Flashcards
Answer
Polyhedra and Basic Solutions
Polyhedra and basic solutions connect the geometry of linear programming with the algebra used by simplex.
A feasible region has vertices. In standard form, those vertices are represented by basic feasible solutions.
Map of the Section
- Polyhedra: feasible regions described by linear constraints.
- Active Constraints: constraints that are tight at a point.
- Vertices and Extreme Points: the corner points where LP optima live.
- Basic Solutions and Basic Feasible Solutions: algebraic versions of vertices.
- Basis Matrices: the selected columns of $A$ that define a basic solution.
- Degenerate Basic Feasible Solutions: BFSs with zero basic variables.
- Adjacent Basic Solutions: neighboring BFSs connected by a simplex pivot.
Standard-Form Feasible Set
For
\[\min c^Tx\]subject to
\[Ax=b, \qquad x\ge 0,\]the feasible set is
\[P=\{x\in\mathbb{R}^n\mid Ax=b,\ x\ge 0\}.\]This set is a polyhedron.
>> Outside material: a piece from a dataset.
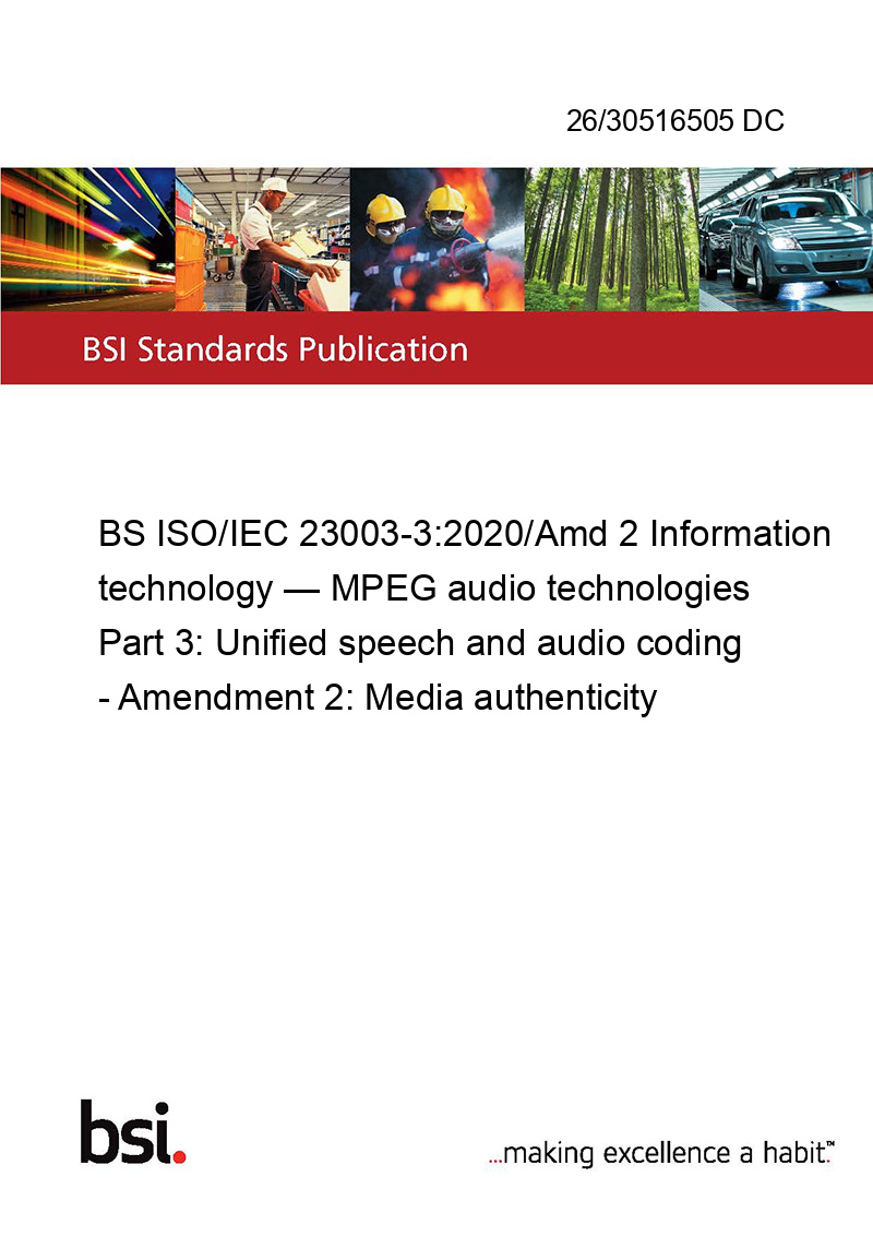 BS ISO/IEC 23003-3:2020/Amd 2 Information technology — MPEG audio technologies Part 3: Unified speech and audio coding - Amendment 2: Media authenticity

The simplex method searches this set through its basic feasible solutions.
Geometry to Algebra
| Geometry | Algebra |
|---|---|
| feasible region | polyhedron $P$ |
| corner point | vertex / extreme point |
| active boundary | active constraint |
| vertex of $P$ | basic feasible solution |
| edge between vertices | adjacent basic feasible solutions |
| move to next corner | simplex pivot |
Basis Construction
Choose $m$ linearly independent columns of $A\in\mathbb{R}^{m\times n}$:
\[B=[A_{B(1)}\ A_{B(2)}\ \cdots\ A_{B(m)}].\]Set nonbasic variables to zero:
\[x_N=0.\]Solve for basic variables:
\[x_B=B^{-1}b.\]If $x_B\ge 0$, the result is a basic feasible solution.
Main Theorem Intuition
If a linear program has a finite optimum and the feasible polyhedron has vertices, at least one optimum can be found at a vertex.
That is why simplex can solve LPs by moving from one basic feasible solution to another instead of checking infinitely many feasible points.
Checklist
You should be able to:
- describe a polyhedron as an intersection of linear constraints
- identify active constraints
- construct a basis matrix
- compute a basic solution
- test feasibility of a basic solution
- explain why simplex moves between adjacent BFSs
See Also
- Standard Form
- Canonical Form
- Simplex Method
-
Reduced Costs
Added exam practice
- Verifying a Given Vector as BFS
- BFS After Adding Slack and Surplus Variables
- All Basic Feasible Solutions in 2D
- BFS and Reduced Cost Drill Set
Exam checkpoint
For BFS questions, convert to standard form before checking the point. A candidate in original variables must be lifted with slack and surplus variables before testing basis columns.